The most important characteristic of the ISI was the creation of an industrial bourgeoisie. The big bourgeoisie that flourished in this era was either monopolist or oligopolistic. In the absence of external competition, the big bourgeoisie enjoyed the benefits of protection. The profit margin was high due to both the prevention of competition and the establishment of monopolies or oligopolies in the internal market. The big bourgeoisie also benefited from the subvention programs. These subventions enabled the big bourgeoisie to benefit from low priced inputs, low- cost credits and tax returns.
The most important manifestation of the increasing power of the big bourgeoisie is the foundation of TÜSİAD in the year 1971. The big industrialists could afford more liberal economic measures and a less protected economy. They sought a higher share of scarce foreign exchange and credits to finance their large-scale operations. Unlike the small industrialists they could afford higher wages. Because they were engaged in the production of durable consumer goods they preferred levels of income that could support increasing internal demand. Lower wages would threaten the domestic market on which they were dependent to sell their goods.
The period that started with the 1960 intervention became the stage for intensifying class struggle that reached a pinnacle in the late 1970s. 1960s were the beginning of a process in which the working class started to acquire a political consciousness and raised not only economic demands but social and political demands as well. Türkiye İşçi Partisi (TİP) (TLP) was established after 1960 coup and the party benefited from the support of growing student population and the growing industrialized proletariat from mid 1960s onwards.
The most important development in this respect is the establishment of DİSK- Devrimci İşçi Sendikaları Konfederasyonu- (Revolutionary Workers Union Confederation).
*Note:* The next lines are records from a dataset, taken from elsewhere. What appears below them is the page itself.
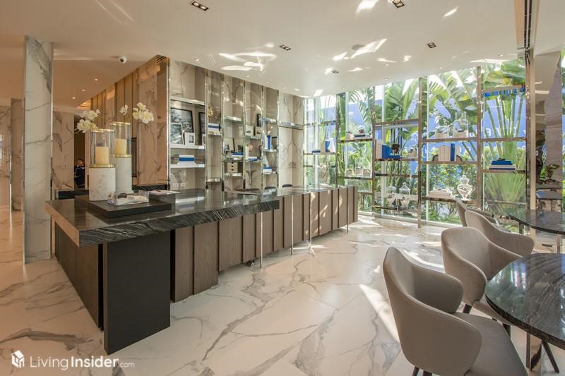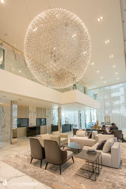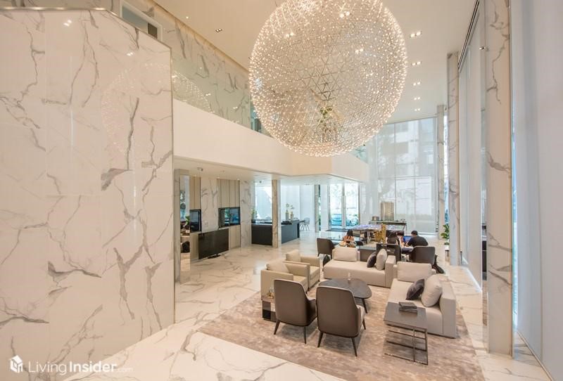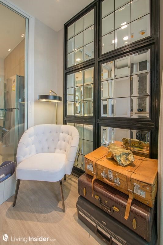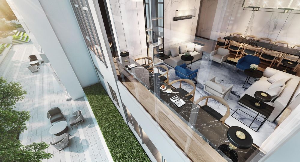 Lobby โปร่งสบายด้วยรูปแบบ Double-Volume ตกแต่งธีมคล้าย Sale Gallery เน้นวัสดุกระจก โลหะ เซรามิคลายหินเป็นหลัก รับแสงธรรมชาติจากภายนอก นอกจากที่นั่งรับแขก ยังมี Co-Working Space บนชั้นลอยอีกด้วย
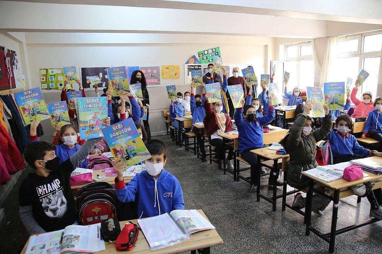 Malatya'nın Battalgazi Belediyesi tarafından çocuklara erken yaşlarda geri dönüşüm ve çevre bilinci kazandırılması amacıyla başlatılan Temiz Çevre ve Atık Eğitimi Projesi kapsamında, öğrencilere oyunlarla geri dönüşüm eğitimleri veriliyor.
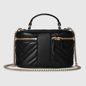 The GG Marmont, a signature collection of the House, comprises contemporary silhouettes. This vanity bag with chain highlights the archival logo, first introduced in the 1970s.

DİSK was established in 1967 by a group of unions which withdrew from Türk-İş, the only workers confederation of the day.
In contradiction to Türk-İş’s ineffective and at times conformist position, DİSK developed an active, militant struggle that put forward the class interests in 1968-1970. Although there was an effort to prevent its organisation in the public sector, it increasingly became organised in the important workplaces in the private sector
This period also witnessed the flowering of extremist right wing and left wing groups in the permissive environment of 1960 Constitution. These groups later became responsible for inflicting political violence which led to the death of thousands of people. Especially from the end of 1968 onwards and increasingly during 1969 and 1970 the violence of the Left was met and surpassed by violence from the militant right, notably Türkeş’s Milliyetçi Hareket Partisi (MHP) (NAP) and its commandos.
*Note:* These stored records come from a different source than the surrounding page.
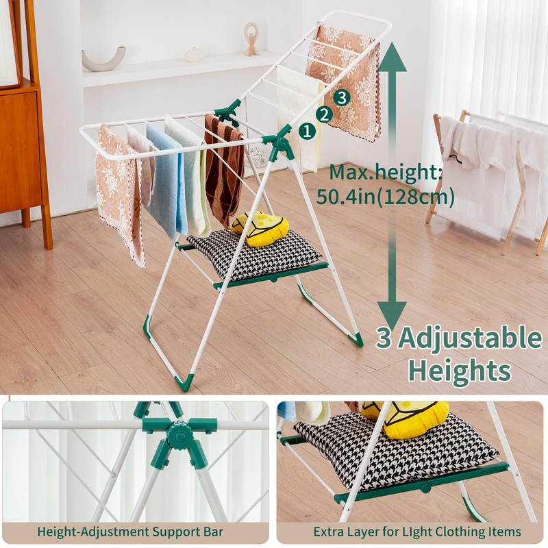- [Adjustable Wings for Versatile Drying] The top two wings feature three height settings (35.5",42" and 50.4"), making it easy to dry clothes of all lengths. From shirts to trousers and even sheets, everything hangs perfectly on this clothes airer.
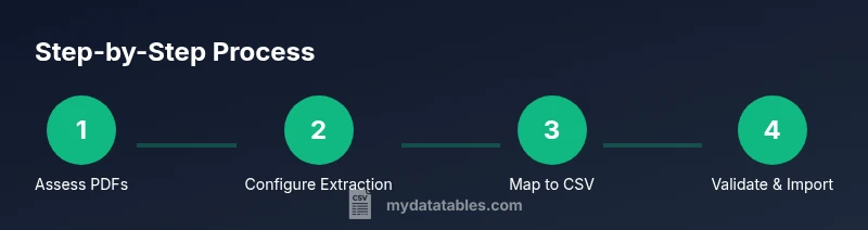 This guide shows you how to convert PDF invoices and statements into a CSV file that QuickBooks can import. You’ll extract tabular data with OCR, map fields to QuickBooks import templates, and validate results before import. The approach blends automated extraction with careful data cleaning to minimize errors and ensure traceability. According to MyDataTables, starting with a clean CSV template and a repeatable mapping plan dramatically reduces import failures.
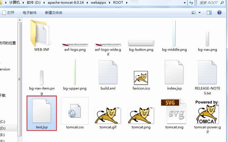 首先在D:apache-tomcat-8.0.14webappsROOT目录中新建一个jsp文件:
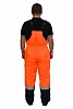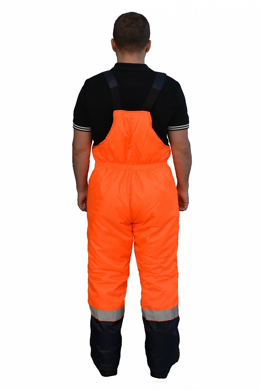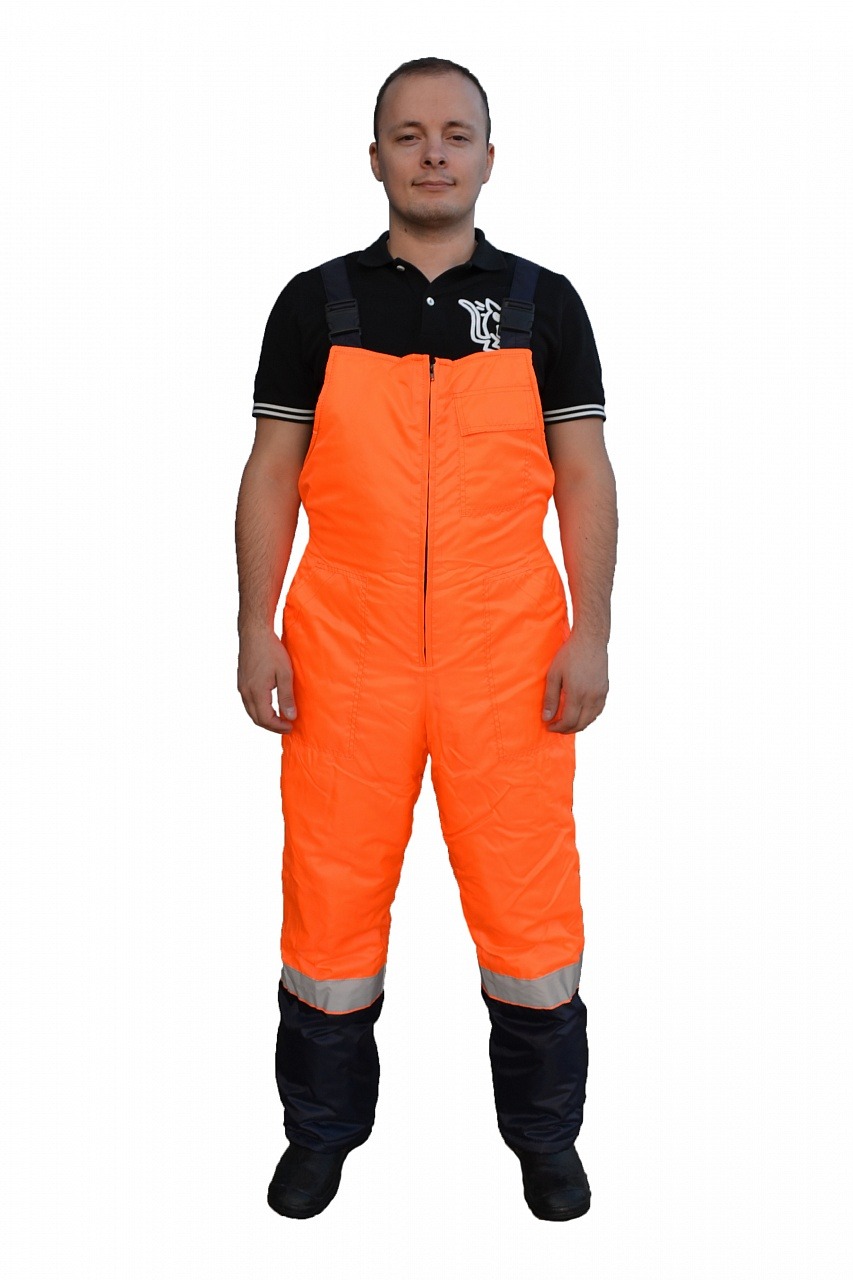 Полукомбинезон с застежкой на тесьму – молнию по передним половинкам, с регулирующимися бретелями. Передние половинки цельнокроеные. По верхним частям передних половинок расположены боковые накладные карманы с наклонным входом, один нагрудный карман с клапаном на текстильной ленте велькро. Задняя часть цельнокроеная на резинке. По нижней части полукомбинезона настрочена светоотражающая лента шириной 50мм.
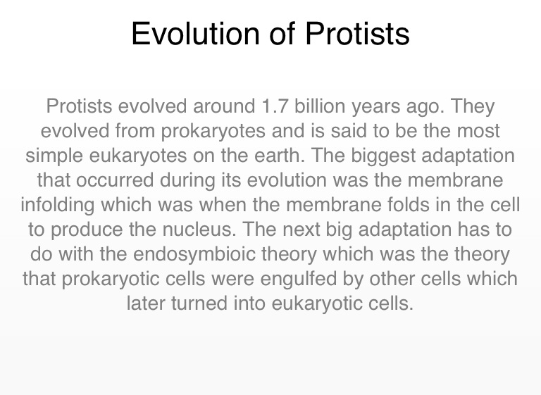 Protists evolved around 1.7 billion years ago. They evolved from prokaryotes and is said to be the most simple eukaryotes on the earth. The biggest adaptation that occurred during its evolution was the membrane infolding which was when the membrane folds in the cell to produce the nucleus. The next big adaptation has to do with the endosymbioic theory which was the theory that prokaryotic cells were engulfed by other cells which later turned into eukaryotic cells.

By early 1971 the government, weakened by defections, seemed to have become paralysed. It was powerless to act to curb the violence on the campuses and in the streets and could not hope to get any serious legislation on social or financial reform passed in the assembly.
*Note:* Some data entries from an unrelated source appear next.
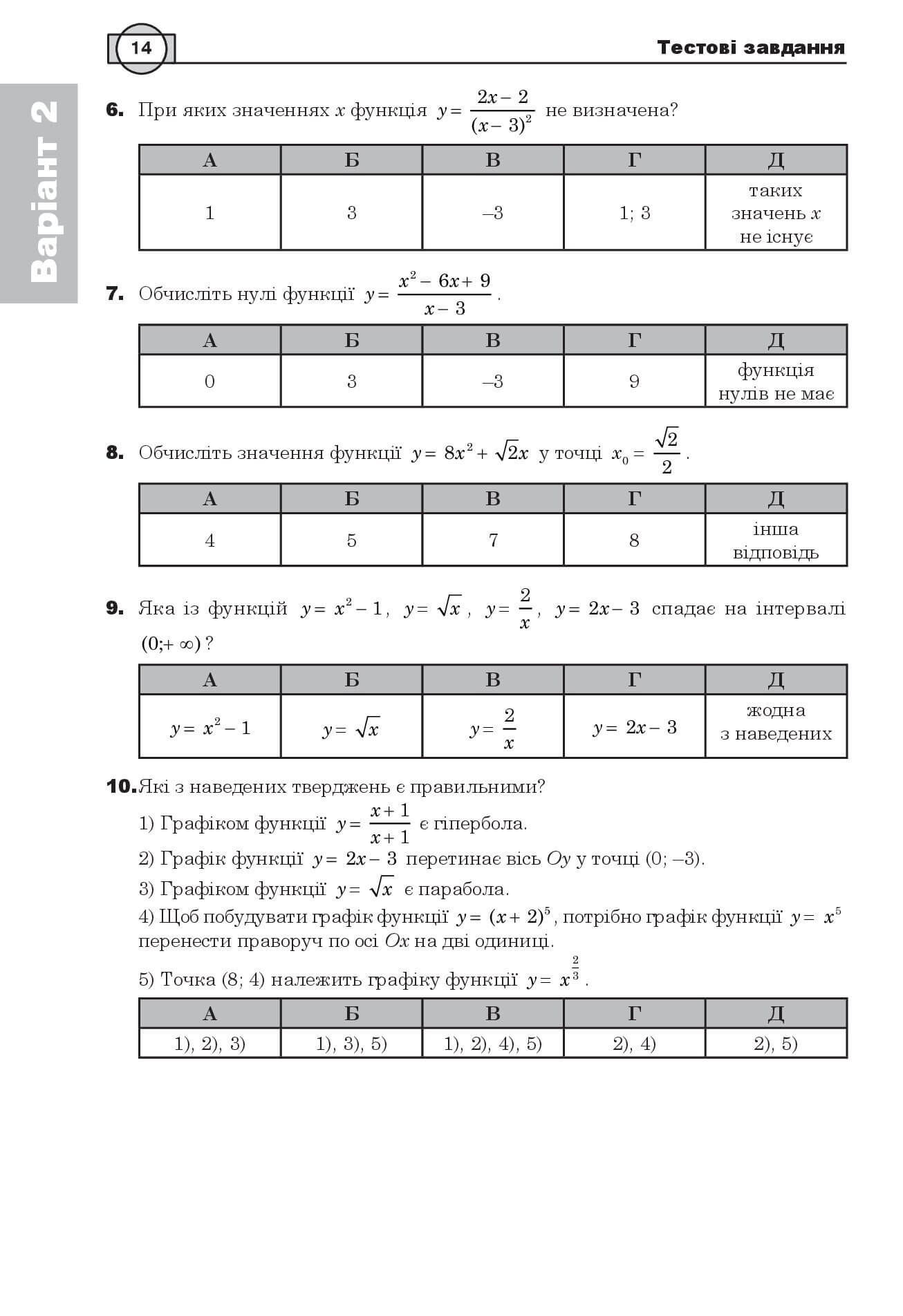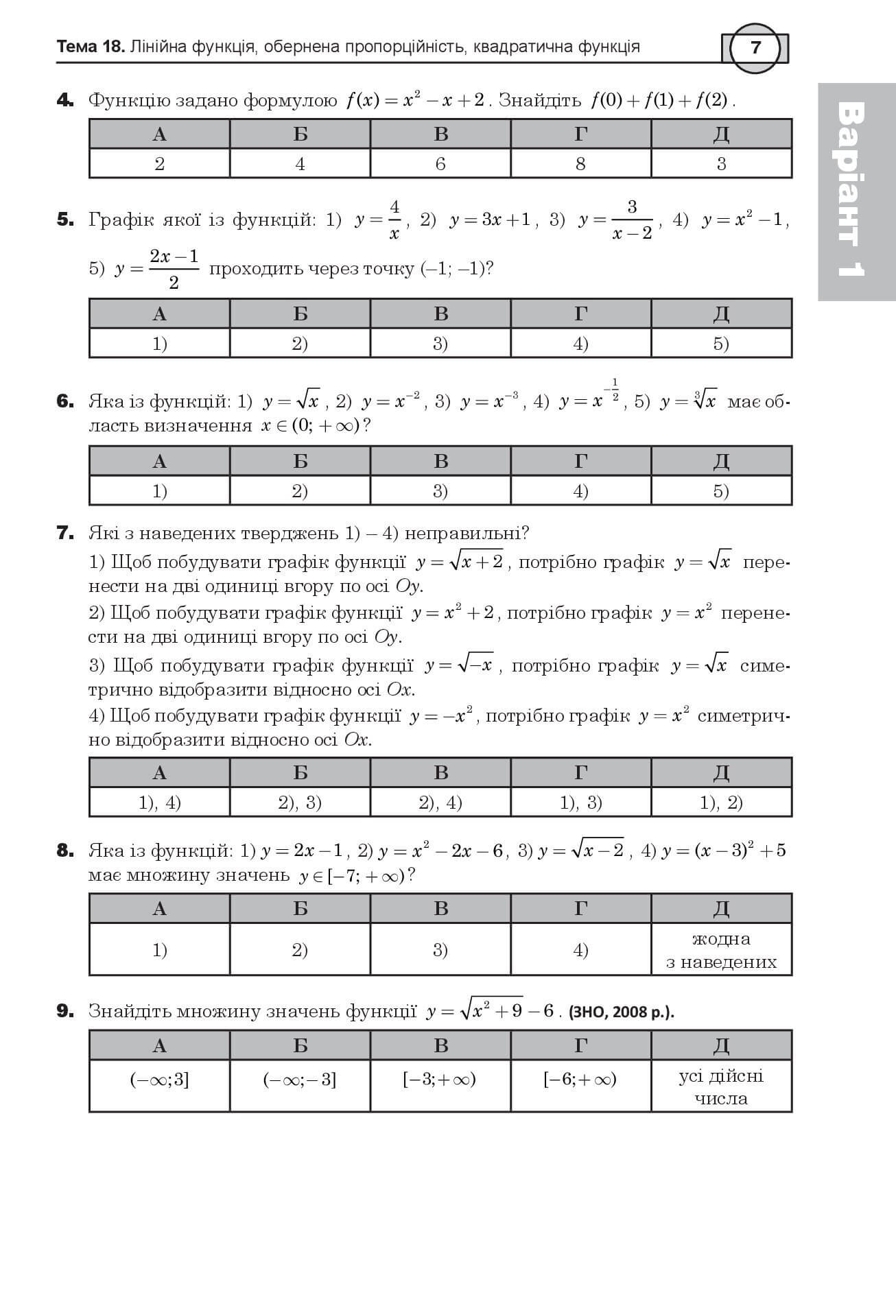 Метою пропонованого навчального посібника є організація самостійної роботи учнів при підготовці до зовнішнього незалежного оцінювання (ЗНО). Тестові завдання частини ІІ містять тематичні тестові завдання, укладені у двох рівноцінних варіантах до двадцяти тем з алгебри та початків аналізу.
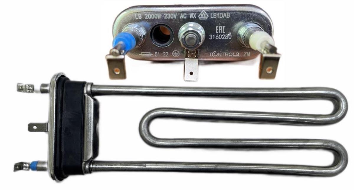 ТЭН 2000W, средний, L-200 mm|прямой|c отверcтием| универсальный T-CONTROLS by Thermowatt (60 шт|кор) (BOSCH 267512 12040670 8011444 )
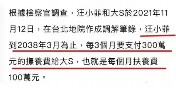 大S前段时间又把汪小菲告上了法庭,结果二人的离婚协议细节曝光,汪小菲每三个月需支付抚养费300万,每个月100万,截止到2038年,一共需支付1.8亿台币,还有十四年,面对这个天文数字,网友吐槽大S的吃相太难看。

This was the situation when, on 12 March 1971 the chief of the general staff handed the prime minister a memorandum, which really amounted to an ultimatum by the armed forces. It demanded that a strong and credible government be formed which would be able to end the ‘anarchy’ and carry out reforms ‘in a Kemalist spirit’. If the demand were not met, the army would ‘exercise its constitutional duty’ and take over power itself. The parliament was not dissolved but the elected government in power was replaced with an appointed one, and the declaration of martial law provided the means for exercising repression.